◆ THE TASK ◆
Leave the pictures out and restate each entry below word for word.
------------------------------------
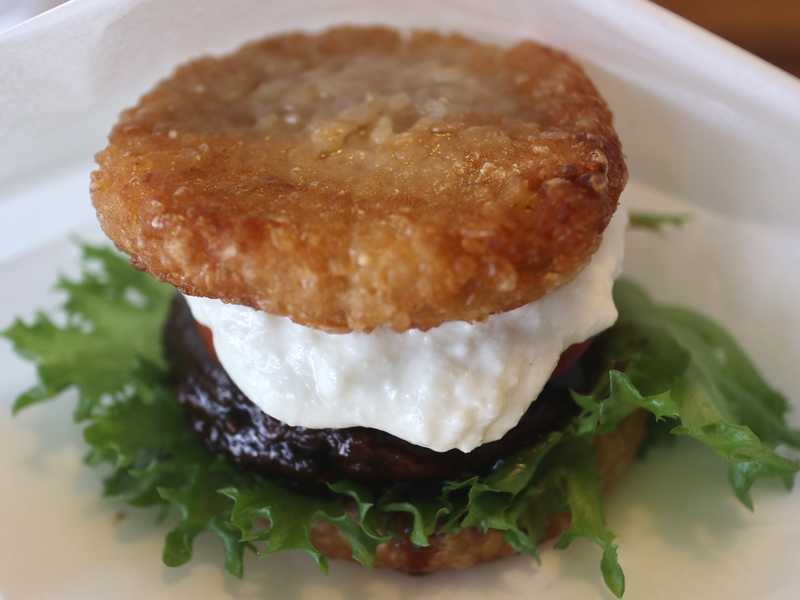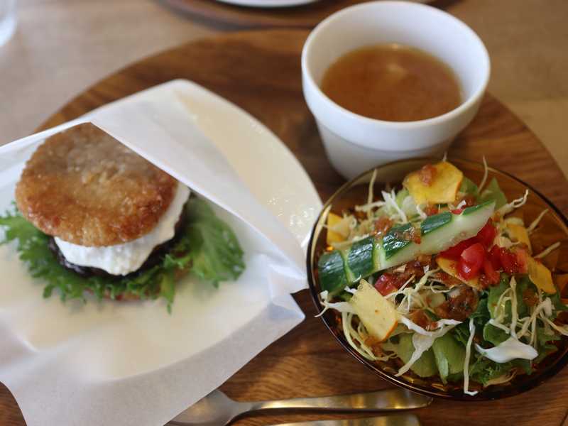 パテ?にはレンコンと玉ねぎが入っていてシャキッとした食感がありました。肉はソイ・ミート。それにスーパーフードとしても知られている「高きび」が使われているようです。
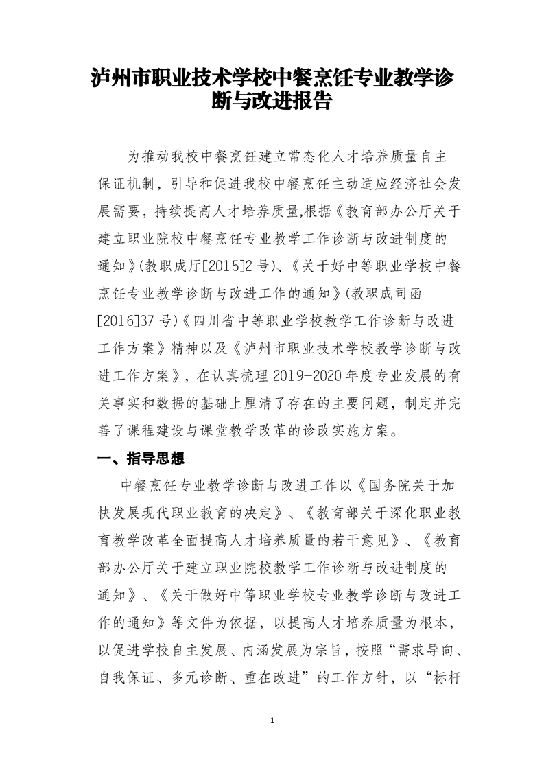泸州市职业技术学校教学诊断与改进报告(2019-2020年度)
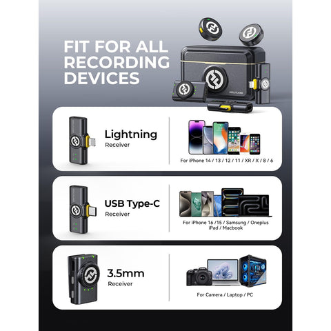 - [Instant Pairing Upon Unboxing] LARK M2 microphone system is pre-paired at the factory, so you won't have to deal with any complex setup procedures. The TX and RX will automatically pair with each other, allowing you to start recording right away. You can easily adjust volume levels on the RX using the intuitive knob. Three LEDs clearly display volume levels, showing the current status.
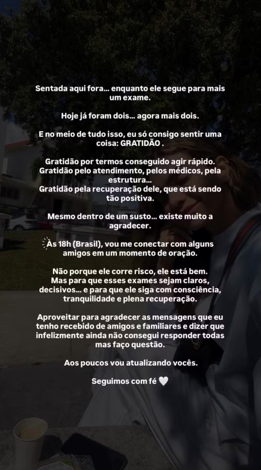 "Sentada aqui fora enquanto ele segue para mais um exame. Hoje já foram dois... agora mais dois. E no meio de tudo isso, eu só consigo sentir uma coisa: gratidão. Gratidão por termos conseguido agir rápido. Gratidão pelo atendimento, pelos médicos, pela estrutura. Gratidão pela recuperação dele, que está sendo tão positiva."
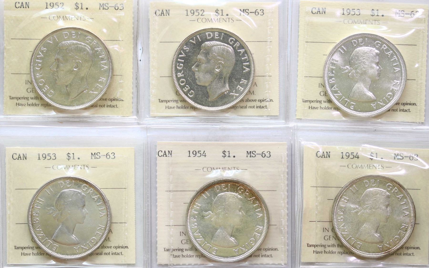 1952 $1 "WL", 1952 "SWL", 1953 "SF", 1953 "NSF", 1954, 1954 "SWL" All 6 coins ICCS Choice Mint State-63.
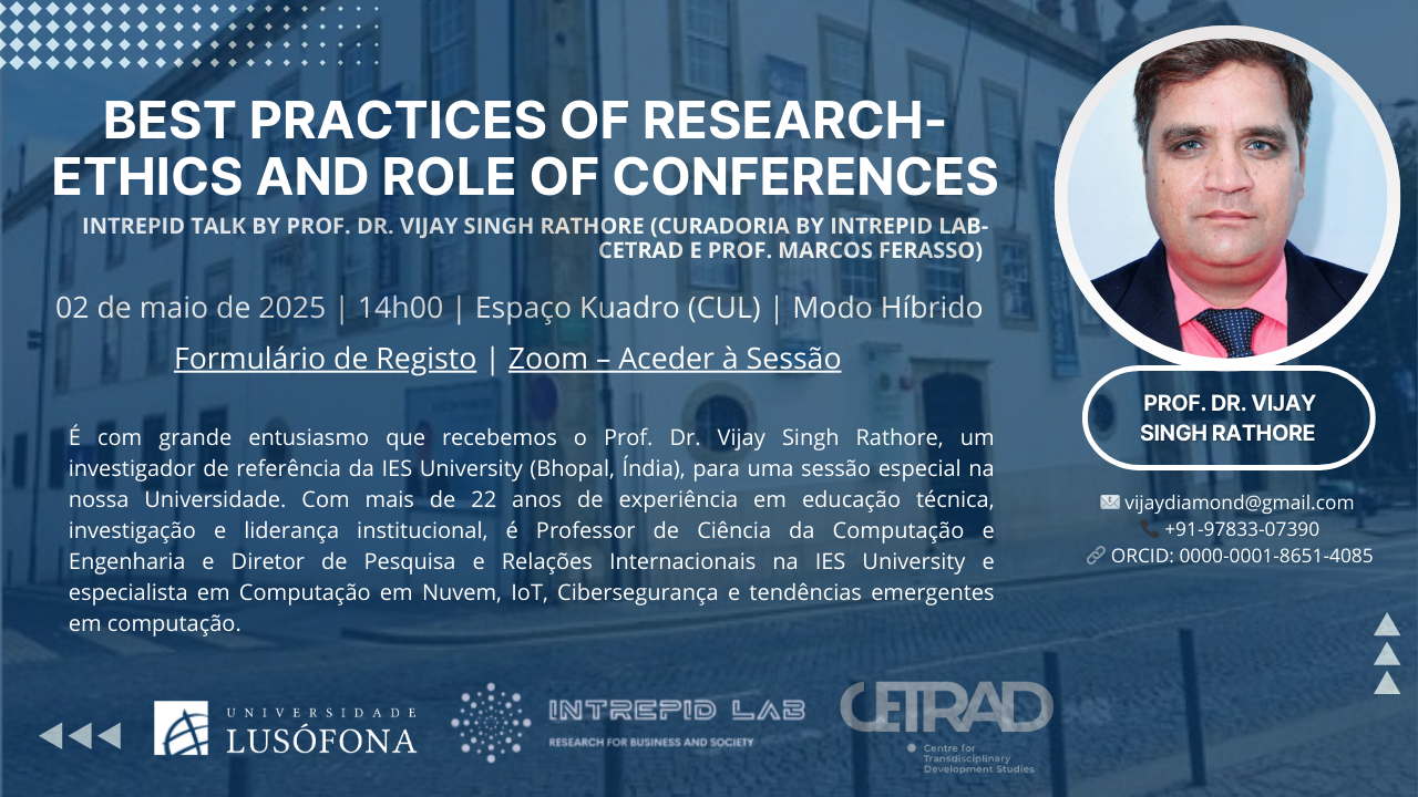 Título: Best Practices of Research-Ethics and Role of Conferences Data: 02 de maio de 2025 Hora: 14h00 Local: Espaço Kuadro, Universidade Lusófona - CUL (formato híbrido) Participação online:ZOOM
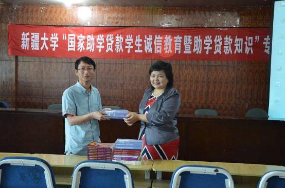 31.乌鲁木齐中支走进新疆大学、新疆艺术学院、新疆医科大学,结合真实案例,用双语向在校学生讲解与大学生息息相关的征信知识,并赠送征信知识图书。
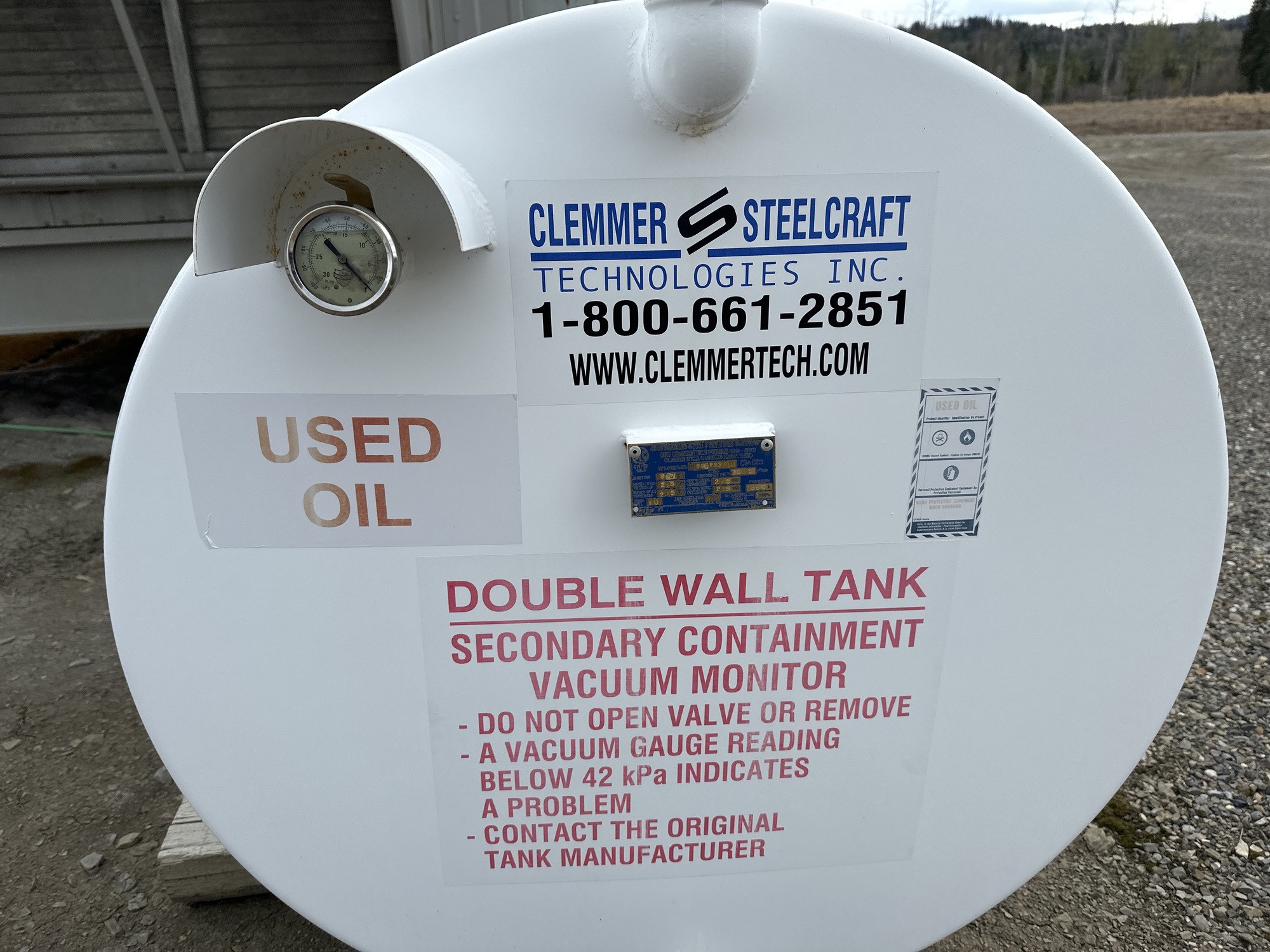 Double Wall Used Oil Tank - Vacuum Monitored
------------------------------------
◆ EXERCISE SOLUTION ◆
 パテ?にはレンコンと玉ねぎが入っていてシャキッとした食感がありました。肉はソイ・ミート。それにスーパーフードとしても知られている「高きび」が使われているようです。
泸州市职业技术学校教学诊断与改进报告(2019-2020年度)
 - [Instant Pairing Upon Unboxing] LARK M2 microphone system is pre-paired at the factory, so you won't have to deal with any complex setup procedures. The TX and RX will automatically pair with each other, allowing you to start recording right away. You can easily adjust volume levels on the RX using the intuitive knob. Three LEDs clearly display volume levels, showing the current status.
 "Sentada aqui fora enquanto ele segue para mais um exame. Hoje já foram dois... agora mais dois. E no meio de tudo isso, eu só consigo sentir uma coisa: gratidão. Gratidão por termos conseguido agir rápido. Gratidão pelo atendimento, pelos médicos, pela estrutura. Gratidão pela recuperação dele, que está sendo tão positiva."
 1952 $1 "WL", 1952 "SWL", 1953 "SF", 1953 "NSF", 1954, 1954 "SWL" All 6 coins ICCS Choice Mint State-63.
 Título: Best Practices of Research-Ethics and Role of Conferences Data: 02 de maio de 2025 Hora: 14h00 Local: Espaço Kuadro, Universidade Lusófona - CUL (formato híbrido) Participação online:ZOOM
 31.乌鲁木齐中支走进新疆大学、新疆艺术学院、新疆医科大学,结合真实案例,用双语向在校学生讲解与大学生息息相关的征信知识,并赠送征信知识图书。
 Double Wall Used Oil Tank - Vacuum Monitored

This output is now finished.